Data>
:::::
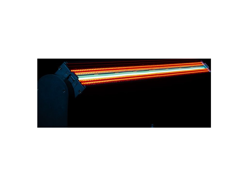 Na jedné straně na vás čeká scénický efekt Vintage Bar, který do prostoru vlije nostalgickou záři. Dominantou je centrální pás čtyř 100W jantarových (amber) COB LED, které dokonale emulují klasické retro blindery s vláknem. Ty jsou obklopeny texturovaným reflektorem osvětleným 140 x 0,8W RGBL SMD LED diodami, které se postarají o vibrující ambientní podsvícení. Ale pozor, stačí otočit a nastupuje Jolt Bar! Tato strana je čistá energie: centrální pás 448 x 1W studených bílých stroboskopických LED je obklopen dalšími 448 x 0,5W RGB LED pro míchání barev. Výsledkem jsou odvážné, vysoce intenzivní barevné plochy (washe). Budete se cítit skvěle, když uvidíte, jak snadno můžete přepínat z hřejivé retro nálady do úderné moderní stroboskopické show.
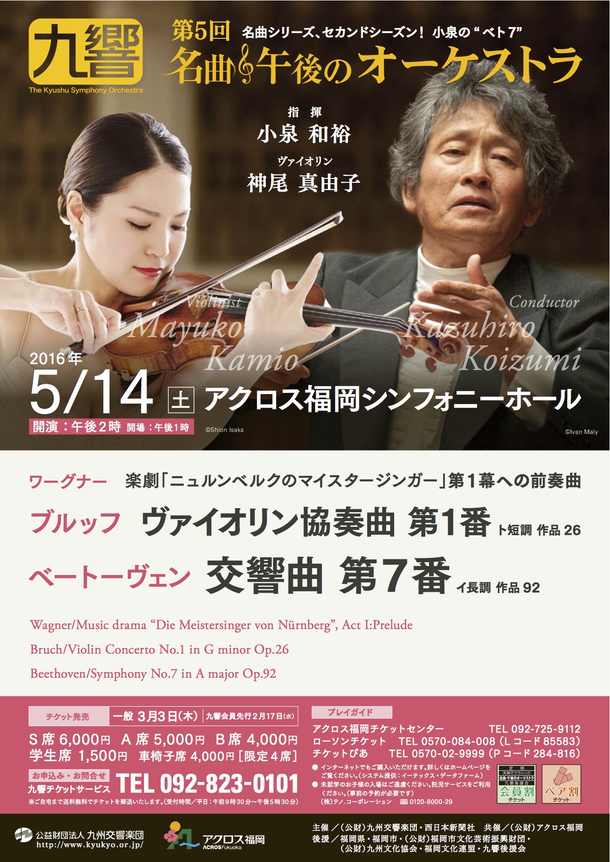 ワーグナー/楽劇「ニュルンベルクのマイスタージンガー」第1幕への前奏曲 ブルッフ/ヴァイオリン協奏曲 第1番 ト短調 作品26 ベートーヴェン/交響曲 第7番 イ長調 作品92 |
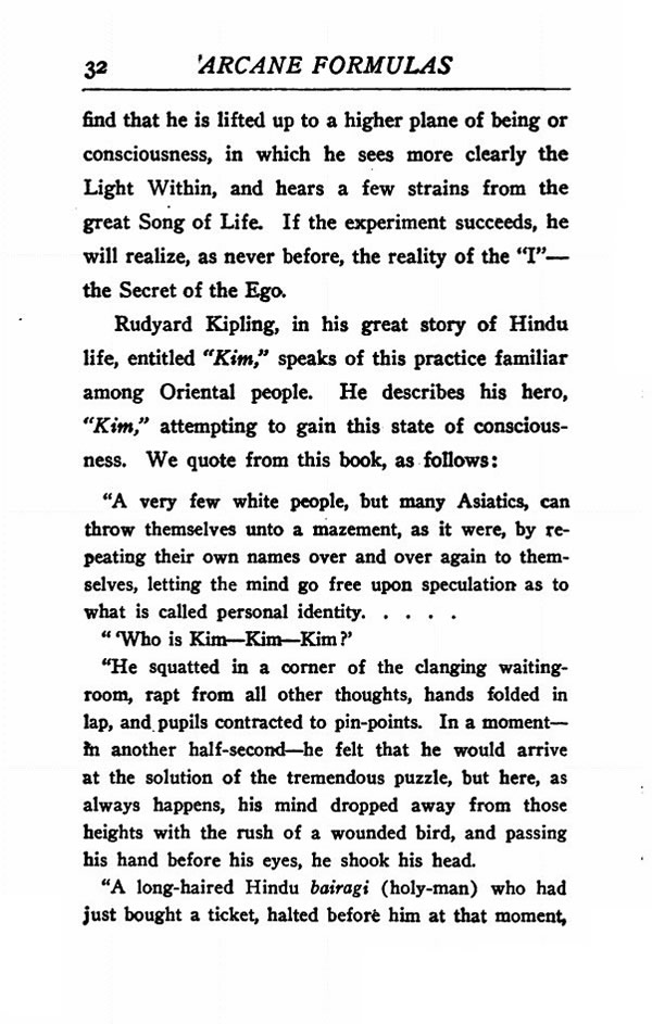 Rudyard Kipling, in his great story of Hindu life, entitled "Kim," speaks of this practice familiar among Oriental people. He describes his hero, "Kim," attempting to gain this state of consciousness. We quote from this book, as follows:
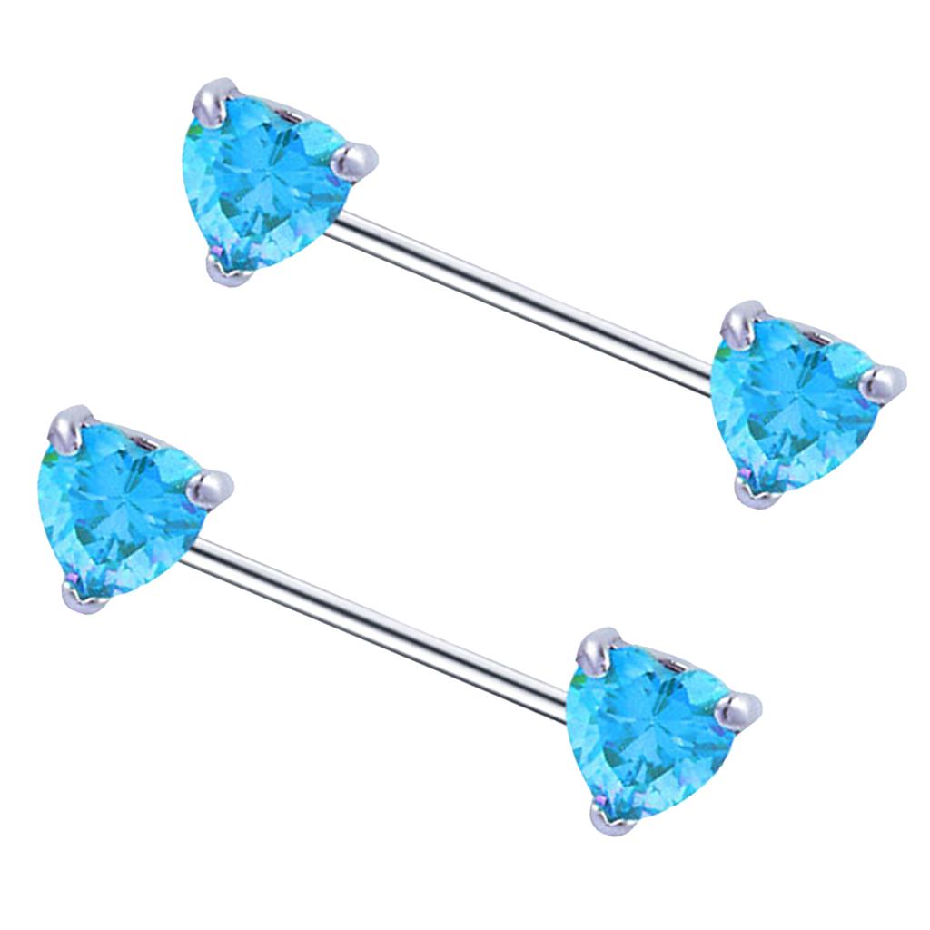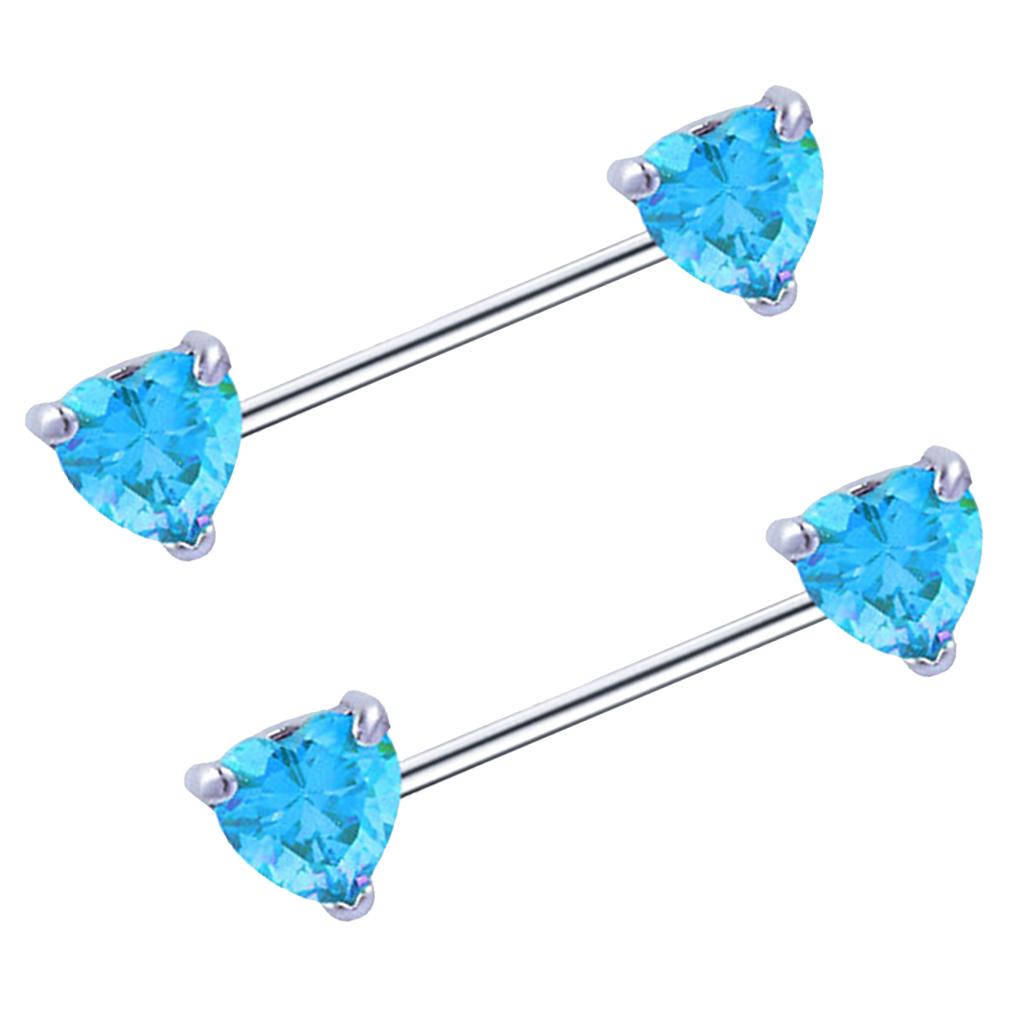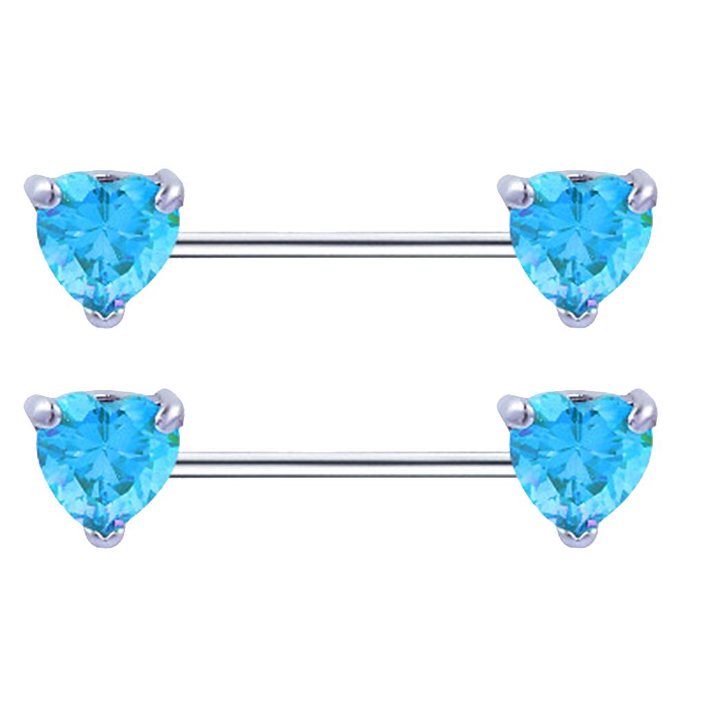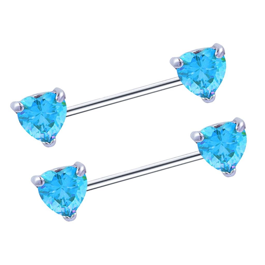 1 Pair Heart Crystal Shield Barbell Nipplering Stainless Steel 14g Blue
:::::
Say again, word for word, the lines beginning at the top of the data and ending with the line that has "ワーグナー/楽劇「ニュルンベルクのマイスタージンガー」第1幕への前奏曲 ブルッフ/ヴァイオリン協奏曲 第1番". Skip the pictures.

 Na jedné straně na vás čeká scénický efekt Vintage Bar, který do prostoru vlije nostalgickou záři. Dominantou je centrální pás čtyř 100W jantarových (amber) COB LED, které dokonale emulují klasické retro blindery s vláknem. Ty jsou obklopeny texturovaným reflektorem osvětleným 140 x 0,8W RGBL SMD LED diodami, které se postarají o vibrující ambientní podsvícení. Ale pozor, stačí otočit a nastupuje Jolt Bar! Tato strana je čistá energie: centrální pás 448 x 1W studených bílých stroboskopických LED je obklopen dalšími 448 x 0,5W RGB LED pro míchání barev. Výsledkem jsou odvážné, vysoce intenzivní barevné plochy (washe). Budete se cítit skvěle, když uvidíte, jak snadno můžete přepínat z hřejivé retro nálady do úderné moderní stroboskopické show.
 ワーグナー/楽劇「ニュルンベルクのマイスタージンガー」第1幕への前奏曲 ブルッフ/ヴァイオリン協奏曲 第1番 ト短調 作品26 ベートーヴェン/交響曲 第7番 イ長調 作品92 |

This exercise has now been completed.